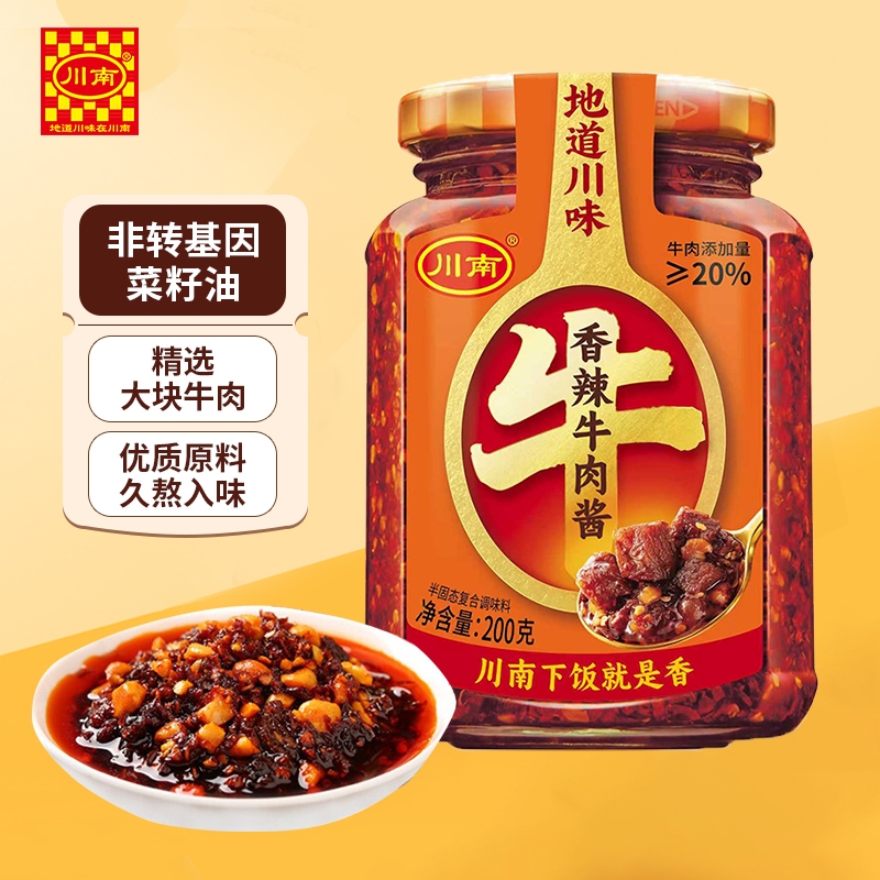 川南香辣牛肉酱香菇牛肉酱四川特产中辣下饭夹馍拌饭面辣椒酱瓶装
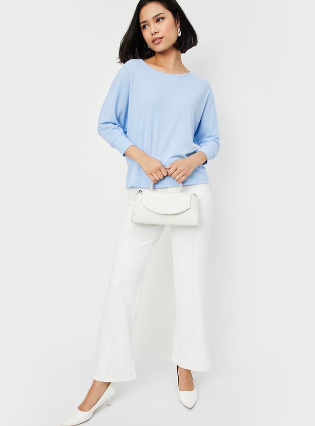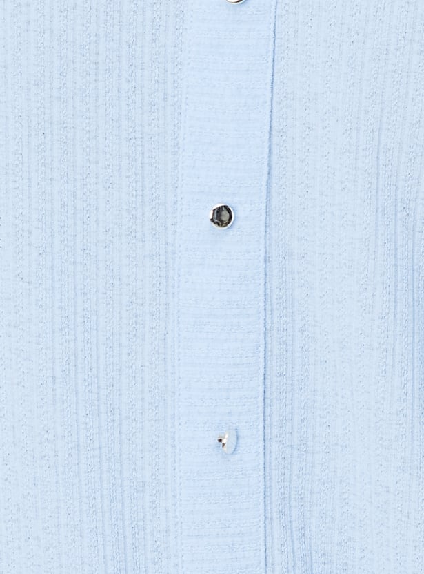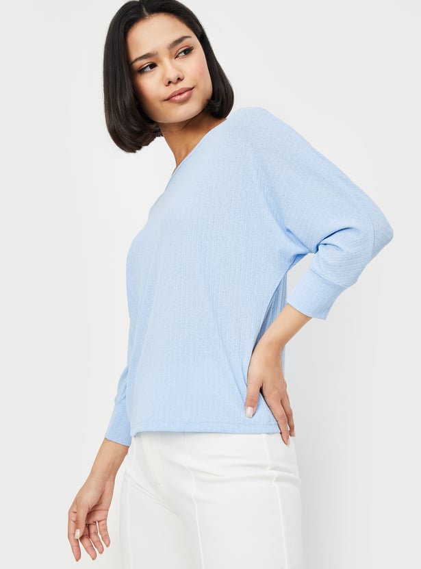 This rib-knit top with extended sleeves offers a perfect blend of comfort and style. The round neck and back button closure add subtle details, making it a versatile piece for any occasion. Model Size :
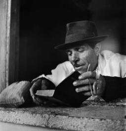 ISRAEL. 1954. Yemenite welder inside a large concrete pipe, part...
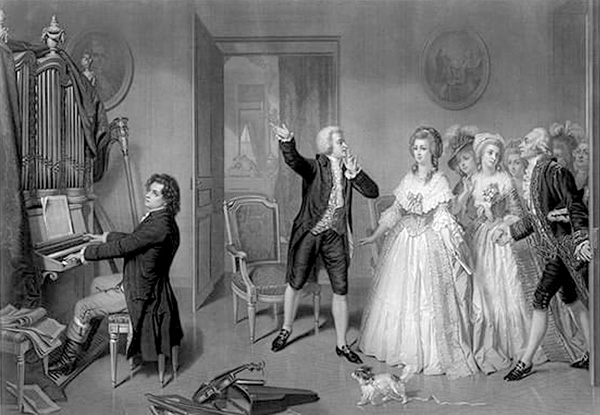 Семнадцатилетний Людвиг был принят Моцартом тоже недружелюбно; игра его на фортепиано показалась автору «Nozze» (Перед выездом в Вену Бетховен набросал для своих друзей «Элегию на смерть пуделя», заурядную грустную песенку, пролежавшую ровно сто лет в рукописи.) не более талантливой, чем многих других юных виртуозов, навещавших его; когда же Бетховен, вслед за игрой, стал на фортепиано разрабатывать экспромтом тему, заданную ему Моцартом, то последний обратился к знакомым, находившимся в соседней комнате:
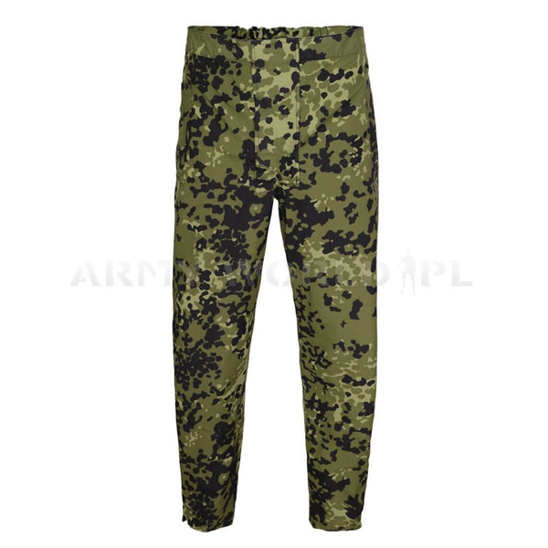 Spodnie przeciwdeszczowe pochodzące z zasobów magazynów wojsk duńskich. Odzież wykonano z wysokiej jakości materiału z zastosowaniem membrany, która zapewnia ochronę przed deszczem i wiatrem z odprowadzeniem wilgoci na zewnątrz. Wszystkie szwy są dodatkowo podklejone co zapewnia 100% wodoodporność.
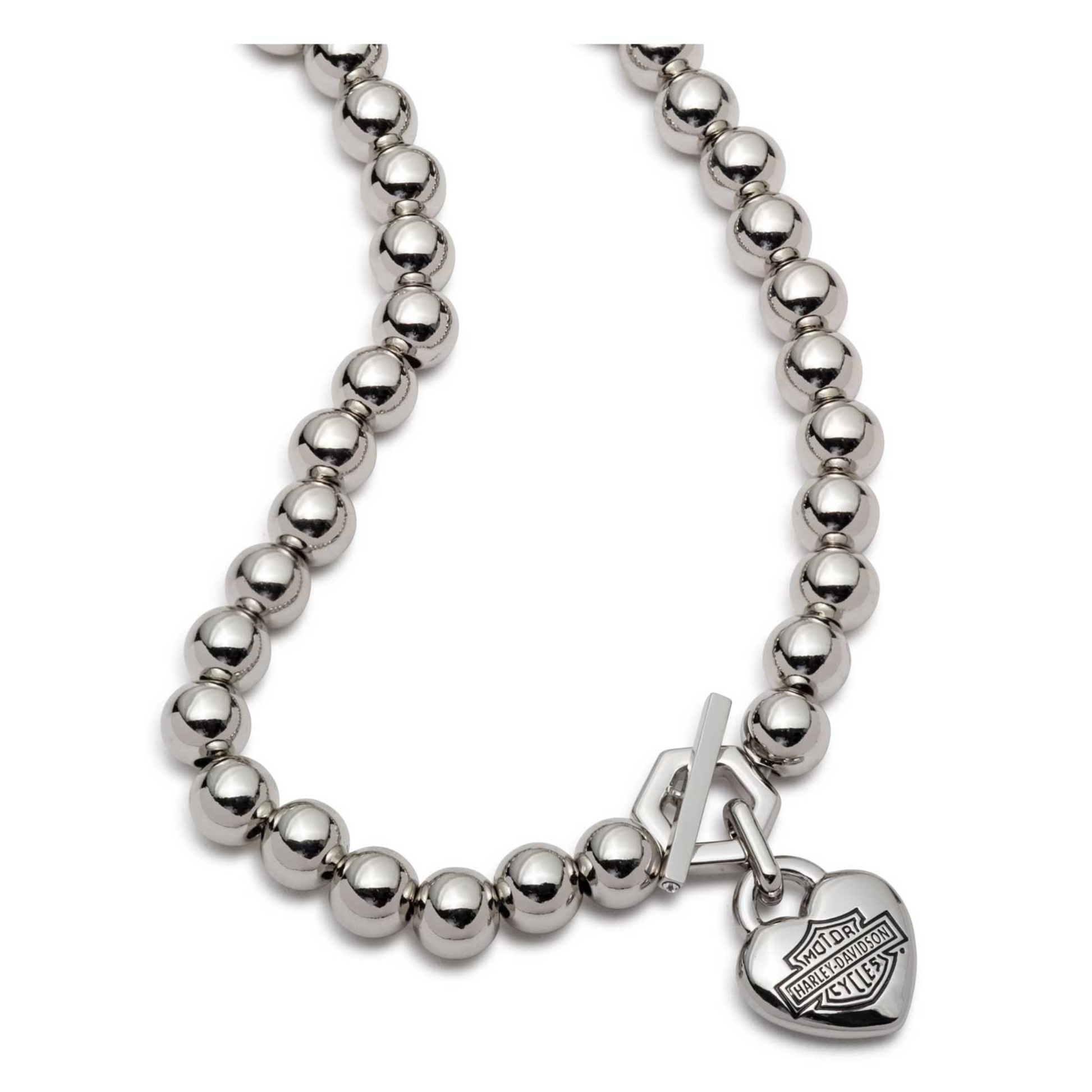Harley-Davidson® Women's 16 in. Bar & Shield Heart Beaded Toggle Necklace - Silver
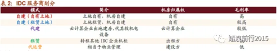国内IDC服务商,根据模式不同,体现为毛利率不同,IDC企业建设模式,目前市场上存在五种较为常见的模式,其中,自建模式盈利能力较强。每年平均机柜租金在8万元左右。
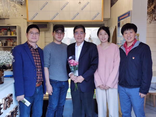 徐校长随后来到了学生创业咖啡屋,屋外小广场上,几位外教分别带领着十余名同学正在开展外语沙龙活动,有创业团队在讨论创业策划书,有招聘会后用人单位与创业学院讨论后续开展校企合作培养电商创业人才的工作……。店长国际商学院大四学生詹方天、英语学院大四学生娄胜男正在为师生现磨制作咖啡。徐校长开心的强调“今天我买单,大家一起听听学生创业咖啡的故事。”“这个是巴西咖啡豆,这个是……”娄胜男同学从咖啡豆的选品与甄别、咖啡文化与外语学习的融合,再到咖啡屋创业一年多来的经历与体会娓娓道来。“非常感谢学校给予我们宝贵的创业实践机会和场地,为了做好咖啡,我们去了法国,去了星巴克,为了创业,我们学习制作标书,尝试着自己设计装修,学着做营销,有喜悦、有彷徨,但成长的收获满满”。徐校长欣慰的边品尝着学生自己制作的咖啡边与他们交流,徐校长从自己国外求学和工作与咖啡文化的结缘,讲到促成广东外语外贸大学学生创业咖啡屋的产生和成长,再到学校为什么选择把咖啡屋从社会经营改为学生创业经营、创业教育实践与人才培养的关系。并把广外学子潜心求教学习咖啡文化与制作的创业案例分享给两位学生店长,勉励他们成为优秀的创客和复合型人才。当得知两位店长在忙碌的创业中同时都过了雅思考级,并有准备赴国外深造的想法,徐校长连声点赞。两位学生也给校长献花,感谢学校的培养和关怀。

Exercise directions: Copy the data in full. No pictures belong in the copy.

Response box:
 川南香辣牛肉酱香菇牛肉酱四川特产中辣下饭夹馍拌饭面辣椒酱瓶装
 This rib-knit top with extended sleeves offers a perfect blend of comfort and style. The round neck and back button closure add subtle details, making it a versatile piece for any occasion. Model Size :
 ISRAEL. 1954. Yemenite welder inside a large concrete pipe, part...
 Семнадцатилетний Людвиг был принят Моцартом тоже недружелюбно; игра его на фортепиано показалась автору «Nozze» (Перед выездом в Вену Бетховен набросал для своих друзей «Элегию на смерть пуделя», заурядную грустную песенку, пролежавшую ровно сто лет в рукописи.) не более талантливой, чем многих других юных виртуозов, навещавших его; когда же Бетховен, вслед за игрой, стал на фортепиано разрабатывать экспромтом тему, заданную ему Моцартом, то последний обратился к знакомым, находившимся в соседней комнате:
 Spodnie przeciwdeszczowe pochodzące z zasobów magazynów wojsk duńskich. Odzież wykonano z wysokiej jakości materiału z zastosowaniem membrany, która zapewnia ochronę przed deszczem i wiatrem z odprowadzeniem wilgoci na zewnątrz. Wszystkie szwy są dodatkowo podklejone co zapewnia 100% wodoodporność.
Harley-Davidson® Women's 16 in. Bar & Shield Heart Beaded Toggle Necklace - Silver
国内IDC服务商,根据模式不同,体现为毛利率不同,IDC企业建设模式,目前市场上存在五种较为常见的模式,其中,自建模式盈利能力较强。每年平均机柜租金在8万元左右。
 徐校长随后来到了学生创业咖啡屋,屋外小广场上,几位外教分别带领着十余名同学正在开展外语沙龙活动,有创业团队在讨论创业策划书,有招聘会后用人单位与创业学院讨论后续开展校企合作培养电商创业人才的工作……。店长国际商学院大四学生詹方天、英语学院大四学生娄胜男正在为师生现磨制作咖啡。徐校长开心的强调“今天我买单,大家一起听听学生创业咖啡的故事。”“这个是巴西咖啡豆,这个是……”娄胜男同学从咖啡豆的选品与甄别、咖啡文化与外语学习的融合,再到咖啡屋创业一年多来的经历与体会娓娓道来。“非常感谢学校给予我们宝贵的创业实践机会和场地,为了做好咖啡,我们去了法国,去了星巴克,为了创业,我们学习制作标书,尝试着自己设计装修,学着做营销,有喜悦、有彷徨,但成长的收获满满”。徐校长欣慰的边品尝着学生自己制作的咖啡边与他们交流,徐校长从自己国外求学和工作与咖啡文化的结缘,讲到促成广东外语外贸大学学生创业咖啡屋的产生和成长,再到学校为什么选择把咖啡屋从社会经营改为学生创业经营、创业教育实践与人才培养的关系。并把广外学子潜心求教学习咖啡文化与制作的创业案例分享给两位学生店长,勉励他们成为优秀的创客和复合型人才。当得知两位店长在忙碌的创业中同时都过了雅思考级,并有准备赴国外深造的想法,徐校长连声点赞。两位学生也给校长献花,感谢学校的培养和关怀。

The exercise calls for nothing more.